→ **EXCERPTED DATA**:

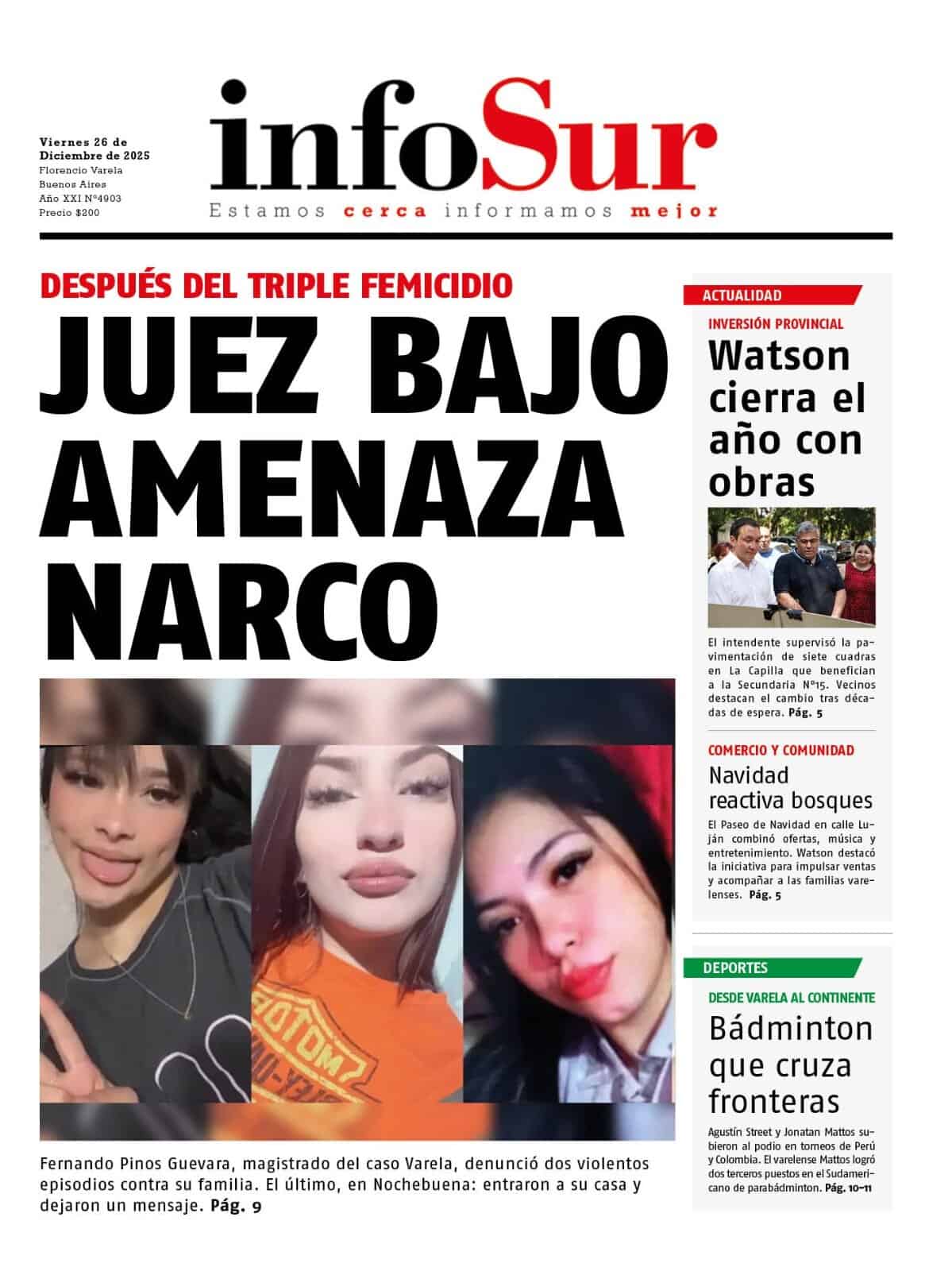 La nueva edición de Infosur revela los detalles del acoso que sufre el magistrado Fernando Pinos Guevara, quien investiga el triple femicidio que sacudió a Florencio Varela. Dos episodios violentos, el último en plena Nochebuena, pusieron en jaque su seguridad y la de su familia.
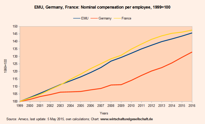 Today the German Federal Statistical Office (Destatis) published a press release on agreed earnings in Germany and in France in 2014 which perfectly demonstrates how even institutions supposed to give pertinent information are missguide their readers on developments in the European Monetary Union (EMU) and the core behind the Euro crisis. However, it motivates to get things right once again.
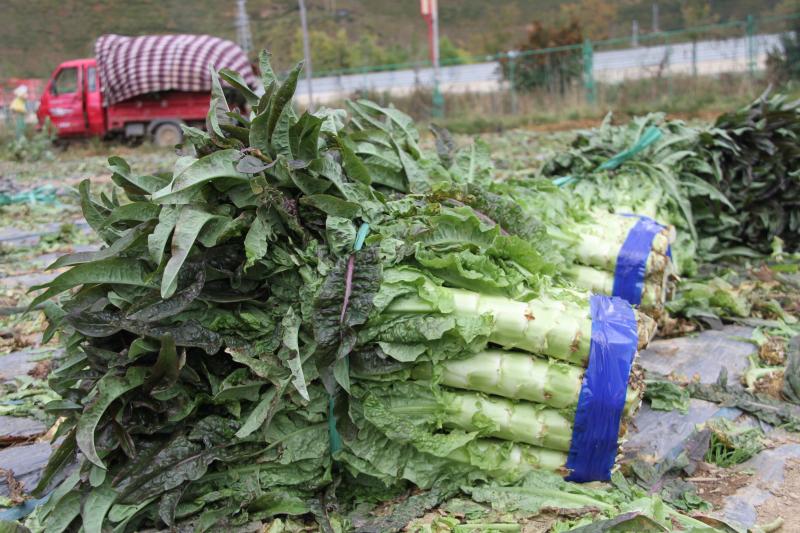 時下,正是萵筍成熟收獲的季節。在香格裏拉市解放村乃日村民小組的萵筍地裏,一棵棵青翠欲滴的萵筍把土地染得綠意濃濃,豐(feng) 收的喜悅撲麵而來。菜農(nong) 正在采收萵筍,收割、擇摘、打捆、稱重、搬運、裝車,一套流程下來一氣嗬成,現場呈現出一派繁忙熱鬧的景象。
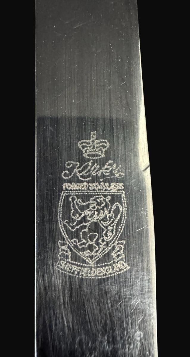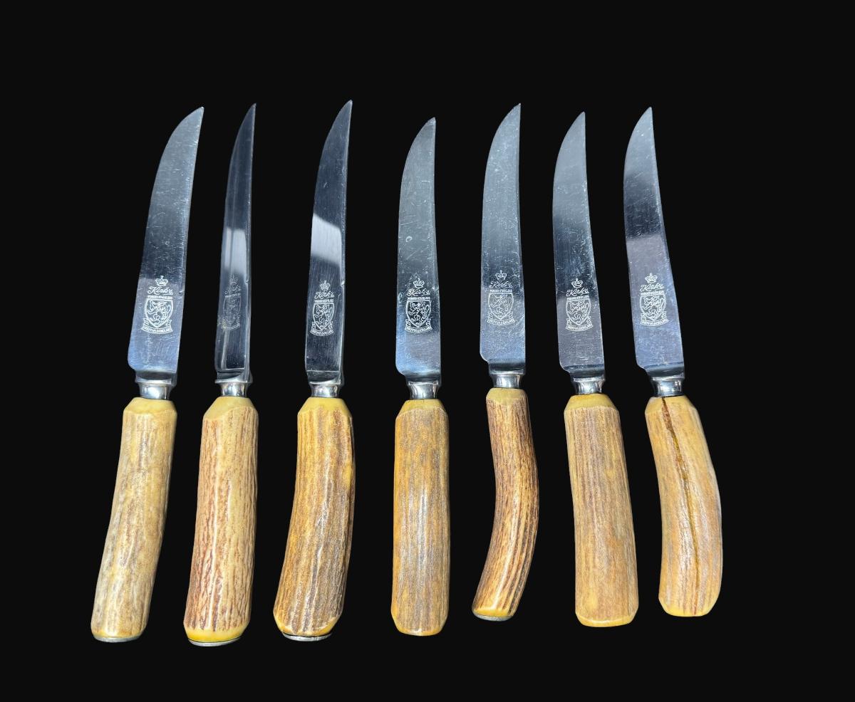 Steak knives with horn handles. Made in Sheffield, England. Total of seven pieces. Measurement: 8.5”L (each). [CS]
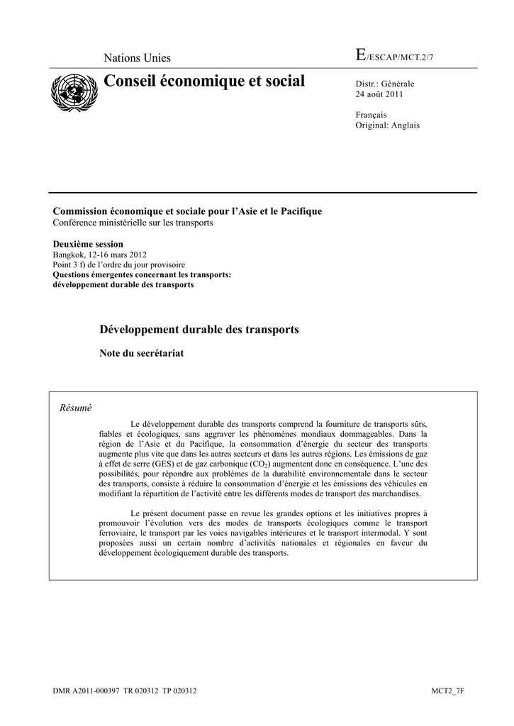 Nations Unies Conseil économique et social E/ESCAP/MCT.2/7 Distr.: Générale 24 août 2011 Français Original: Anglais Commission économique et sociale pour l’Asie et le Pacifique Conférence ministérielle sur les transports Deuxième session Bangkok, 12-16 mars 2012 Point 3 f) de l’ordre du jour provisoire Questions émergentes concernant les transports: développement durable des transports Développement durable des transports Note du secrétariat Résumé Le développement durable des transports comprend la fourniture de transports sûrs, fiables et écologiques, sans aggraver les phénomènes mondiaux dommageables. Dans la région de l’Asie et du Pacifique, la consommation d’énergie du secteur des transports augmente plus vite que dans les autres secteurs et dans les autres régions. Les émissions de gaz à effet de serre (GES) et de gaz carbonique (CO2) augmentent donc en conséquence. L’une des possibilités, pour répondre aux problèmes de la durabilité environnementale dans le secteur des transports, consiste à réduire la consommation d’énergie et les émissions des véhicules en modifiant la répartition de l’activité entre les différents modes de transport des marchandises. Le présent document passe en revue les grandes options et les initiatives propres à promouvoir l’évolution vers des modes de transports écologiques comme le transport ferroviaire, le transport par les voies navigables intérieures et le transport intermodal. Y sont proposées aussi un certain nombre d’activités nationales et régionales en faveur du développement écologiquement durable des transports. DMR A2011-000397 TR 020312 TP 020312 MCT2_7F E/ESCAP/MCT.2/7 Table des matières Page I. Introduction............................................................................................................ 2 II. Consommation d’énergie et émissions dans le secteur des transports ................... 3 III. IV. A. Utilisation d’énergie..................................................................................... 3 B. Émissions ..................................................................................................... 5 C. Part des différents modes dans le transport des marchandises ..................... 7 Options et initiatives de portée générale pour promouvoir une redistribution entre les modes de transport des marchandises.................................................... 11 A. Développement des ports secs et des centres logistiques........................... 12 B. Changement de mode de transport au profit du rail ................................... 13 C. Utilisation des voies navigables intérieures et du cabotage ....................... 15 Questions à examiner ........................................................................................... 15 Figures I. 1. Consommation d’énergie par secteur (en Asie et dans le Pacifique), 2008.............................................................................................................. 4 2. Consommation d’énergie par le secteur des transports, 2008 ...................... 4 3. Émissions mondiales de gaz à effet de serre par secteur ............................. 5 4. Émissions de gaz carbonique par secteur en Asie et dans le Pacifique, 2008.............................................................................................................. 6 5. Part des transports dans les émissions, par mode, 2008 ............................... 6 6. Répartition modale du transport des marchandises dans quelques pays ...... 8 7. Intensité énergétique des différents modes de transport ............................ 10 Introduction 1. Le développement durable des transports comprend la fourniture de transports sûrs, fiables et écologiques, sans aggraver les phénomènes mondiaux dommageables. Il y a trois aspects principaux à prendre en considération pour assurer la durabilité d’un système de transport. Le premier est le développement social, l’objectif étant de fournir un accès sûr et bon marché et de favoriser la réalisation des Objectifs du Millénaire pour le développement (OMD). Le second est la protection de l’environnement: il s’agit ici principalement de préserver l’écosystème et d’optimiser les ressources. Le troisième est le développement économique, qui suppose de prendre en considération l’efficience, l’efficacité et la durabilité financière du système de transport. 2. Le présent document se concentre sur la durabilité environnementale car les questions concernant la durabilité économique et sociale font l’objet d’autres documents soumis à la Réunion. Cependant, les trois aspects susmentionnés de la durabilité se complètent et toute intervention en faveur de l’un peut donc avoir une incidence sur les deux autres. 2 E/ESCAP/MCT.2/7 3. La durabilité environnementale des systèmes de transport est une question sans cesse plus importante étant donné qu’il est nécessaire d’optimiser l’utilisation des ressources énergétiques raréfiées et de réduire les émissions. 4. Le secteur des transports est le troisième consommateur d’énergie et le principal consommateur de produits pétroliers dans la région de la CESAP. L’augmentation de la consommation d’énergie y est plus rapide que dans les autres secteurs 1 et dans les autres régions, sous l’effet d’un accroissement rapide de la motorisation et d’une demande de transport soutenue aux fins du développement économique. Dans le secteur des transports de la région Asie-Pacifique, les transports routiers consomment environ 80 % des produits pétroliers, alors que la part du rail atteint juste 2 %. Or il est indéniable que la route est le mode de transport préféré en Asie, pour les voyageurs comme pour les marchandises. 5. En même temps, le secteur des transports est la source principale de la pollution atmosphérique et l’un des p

→ **WHAT IS BEING ASKED**:
The output is the records exactly as they read, with no pictures in it.

→ **RESPONSE TO THIS EXERCISE**:
 La nueva edición de Infosur revela los detalles del acoso que sufre el magistrado Fernando Pinos Guevara, quien investiga el triple femicidio que sacudió a Florencio Varela. Dos episodios violentos, el último en plena Nochebuena, pusieron en jaque su seguridad y la de su familia.
 Today the German Federal Statistical Office (Destatis) published a press release on agreed earnings in Germany and in France in 2014 which perfectly demonstrates how even institutions supposed to give pertinent information are missguide their readers on developments in the European Monetary Union (EMU) and the core behind the Euro crisis. However, it motivates to get things right once again.
 時下,正是萵筍成熟收獲的季節。在香格裏拉市解放村乃日村民小組的萵筍地裏,一棵棵青翠欲滴的萵筍把土地染得綠意濃濃,豐(feng) 收的喜悅撲麵而來。菜農(nong) 正在采收萵筍,收割、擇摘、打捆、稱重、搬運、裝車,一套流程下來一氣嗬成,現場呈現出一派繁忙熱鬧的景象。
 Steak knives with horn handles. Made in Sheffield, England. Total of seven pieces. Measurement: 8.5”L (each). [CS]
 Nations Unies Conseil économique et social E/ESCAP/MCT.2/7 Distr.: Générale 24 août 2011 Français Original: Anglais Commission économique et sociale pour l’Asie et le Pacifique Conférence ministérielle sur les transports Deuxième session Bangkok, 12-16 mars 2012 Point 3 f) de l’ordre du jour provisoire Questions émergentes concernant les transports: développement durable des transports Développement durable des transports Note du secrétariat Résumé Le développement durable des transports comprend la fourniture de transports sûrs, fiables et écologiques, sans aggraver les phénomènes mondiaux dommageables. Dans la région de l’Asie et du Pacifique, la consommation d’énergie du secteur des transports augmente plus vite que dans les autres secteurs et dans les autres régions. Les émissions de gaz à effet de serre (GES) et de gaz carbonique (CO2) augmentent donc en conséquence. L’une des possibilités, pour répondre aux problèmes de la durabilité environnementale dans le secteur des transports, consiste à réduire la consommation d’énergie et les émissions des véhicules en modifiant la répartition de l’activité entre les différents modes de transport des marchandises. Le présent document passe en revue les grandes options et les initiatives propres à promouvoir l’évolution vers des modes de transports écologiques comme le transport ferroviaire, le transport par les voies navigables intérieures et le transport intermodal. Y sont proposées aussi un certain nombre d’activités nationales et régionales en faveur du développement écologiquement durable des transports. DMR A2011-000397 TR 020312 TP 020312 MCT2_7F E/ESCAP/MCT.2/7 Table des matières Page I. Introduction............................................................................................................ 2 II. Consommation d’énergie et émissions dans le secteur des transports ................... 3 III. IV. A. Utilisation d’énergie..................................................................................... 3 B. Émissions ..................................................................................................... 5 C. Part des différents modes dans le transport des marchandises ..................... 7 Options et initiatives de portée générale pour promouvoir une redistribution entre les modes de transport des marchandises.................................................... 11 A. Développement des ports secs et des centres logistiques........................... 12 B. Changement de mode de transport au profit du rail ................................... 13 C. Utilisation des voies navigables intérieures et du cabotage ....................... 15 Questions à examiner ........................................................................................... 15 Figures I. 1. Consommation d’énergie par secteur (en Asie et dans le Pacifique), 2008.............................................................................................................. 4 2. Consommation d’énergie par le secteur des transports, 2008 ...................... 4 3. Émissions mondiales de gaz à effet de serre par secteur ............................. 5 4. Émissions de gaz carbonique par secteur en Asie et dans le Pacifique, 2008.............................................................................................................. 6 5. Part des transports dans les émissions, par mode, 2008 ............................... 6 6. Répartition modale du transport des marchandises dans quelques pays ...... 8 7. Intensité énergétique des différents modes de transport ............................ 10 Introduction 1. Le développement durable des transports comprend la fourniture de transports sûrs, fiables et écologiques, sans aggraver les phénomènes mondiaux dommageables. Il y a trois aspects principaux à prendre en considération pour assurer la durabilité d’un système de transport. Le premier est le développement social, l’objectif étant de fournir un accès sûr et bon marché et de favoriser la réalisation des Objectifs du Millénaire pour le développement (OMD). Le second est la protection de l’environnement: il s’agit ici principalement de préserver l’écosystème et d’optimiser les ressources. Le troisième est le développement économique, qui suppose de prendre en considération l’efficience, l’efficacité et la durabilité financière du système de transport. 2. Le présent document se concentre sur la durabilité environnementale car les questions concernant la durabilité économique et sociale font l’objet d’autres documents soumis à la Réunion. Cependant, les trois aspects susmentionnés de la durabilité se complètent et toute intervention en faveur de l’un peut donc avoir une incidence sur les deux autres. 2 E/ESCAP/MCT.2/7 3. La durabilité environnementale des systèmes de transport est une question sans cesse plus importante étant donné qu’il est nécessaire d’optimiser l’utilisation des ressources énergétiques raréfiées et de réduire les émissions. 4. Le secteur des transports est le troisième consommateur d’énergie et le principal consommateur de produits pétroliers dans la région de la CESAP. L’augmentation de la consommation d’énergie y est plus rapide que dans les autres secteurs 1 et dans les autres régions, sous l’effet d’un accroissement rapide de la motorisation et d’une demande de transport soutenue aux fins du développement économique. Dans le secteur des transports de la région Asie-Pacifique, les transports routiers consomment environ 80 % des produits pétroliers, alors que la part du rail atteint juste 2 %. Or il est indéniable que la route est le mode de transport préféré en Asie, pour les voyageurs comme pour les marchandises. 5. En même temps, le secteur des transports est la source principale de la pollution atmosphérique et l’un des p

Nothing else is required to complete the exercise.